Optimum Publishing International, which published “The China Nexus,” says the book “also assesses the Chinese Communist Party regime’s complicity with atrocities worldwide and its threat to our own freedoms.”

“We can no longer ignore China’s intensified repression of its own people or the threat posed by the Chinese government to human rights, democracy, and trade worldwide,” Dean Baxendale, president and publisher of the company, said in a press release on Oct. 24.

During the event, Baxendale said that “Canadians should care” about the book, particularly now that the CCP has laid out a plan “to be the dominant, predominant global hegemony in the world by 2049.”

Publisher Dean Baxendale speaks at a book launch event for “China Nexus” in Toronto on Nov. 25, 2022. (Omid Ghoreishi/The Epoch Times)
Publisher Dean Baxendale speaks at a book launch event for “China Nexus” in Toronto on Nov. 25, 2022. (Omid Ghoreishi/The Epoch Times)

“That is military, that is technology, that is food, health sciences, everything,” he told The Epoch Times.

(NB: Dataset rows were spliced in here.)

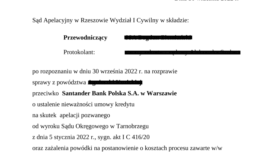 Sąd Apelacyjny w Rzeszowie wyrokiem z dnia 30 września 2022 r. oddalił zarówno apelację banku od wyroku Sądu Okręgowego w Tarnobrzegu z dnia 5 stycznia 2022 r., I C 416/20 (I ACa 72/22), jak i zażalenie skierowane w imieniu naszej Klientki na koszty procesu (I ACz 30/22) i obciążył bank zwrotem kosztów postępowania apelacyjnego.
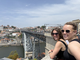 went shopping. Charlotte got a really cute pair of shoes (new, not thrift). Then we went out to try some port. We took the tram across the Dom Luis I Bridge to the other side of the river and then the Teleférico de Gaia down to the riverfront. That in itself was pretty cool. There were many vendors along the river, but while we were there, the
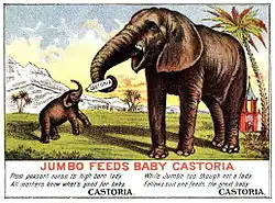 Centaur was an early practitioner of the use of celebrities in mass advertising. Centaur Liniment advertising included a purported endorsement from P.T. Barnum.[7] One famous ad had the company represented by Barnum's famous circus star Jumbo, the giant elephant. Another ad featured the legendary boxer Joe Louis.[8]
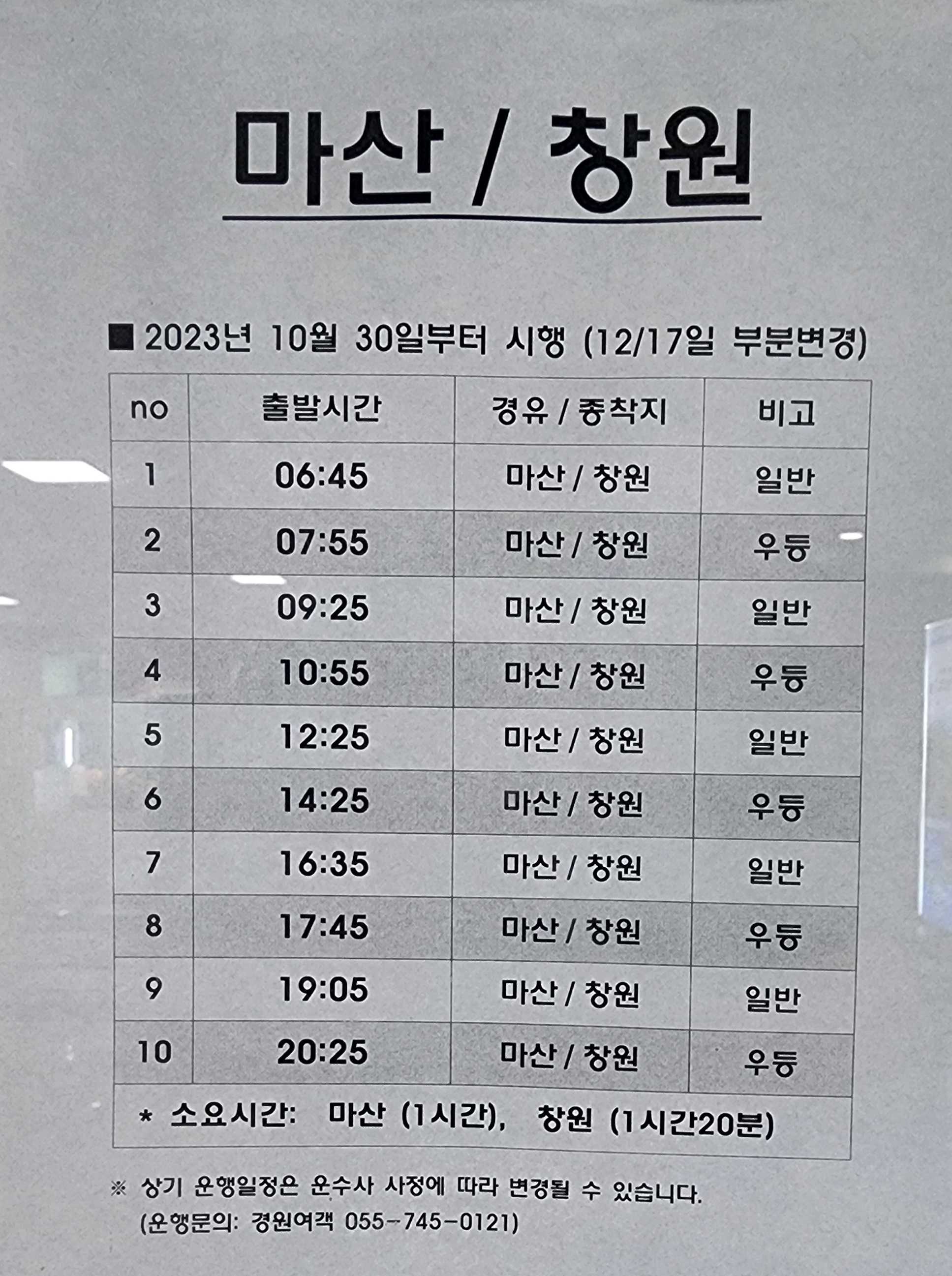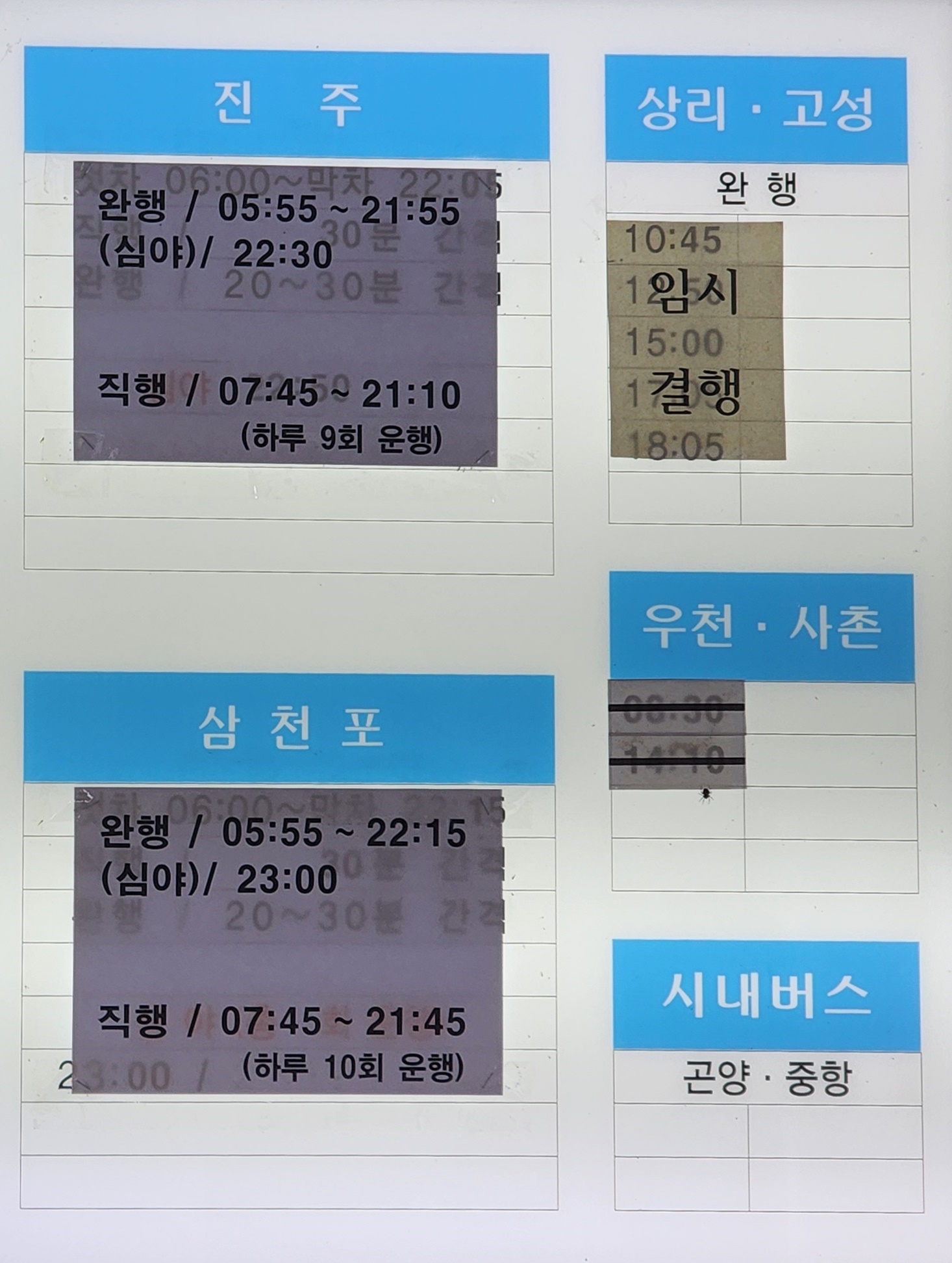 사천 출발 마산, 창원, 고성, 통영, 고현, 장승포 방면.

Rogers said Western democracies need to end what foreign policy establishment calls “strategic ambiguity” and introduce “strategic clarity.”

“That clarity is the answer to the question of what the free world should do: stand clear, and tell Beijing that there is a red line,” he said. “In the book, I set out what we, the free world, together should do to confront this challenge.”

30-Year Relationship

Rogers first went to China in 1992—three years after the Tiananmen Square massacre—to teach English for six months in Qingdao, a city in the country’s eastern Shandong Province. He was 18 at the time.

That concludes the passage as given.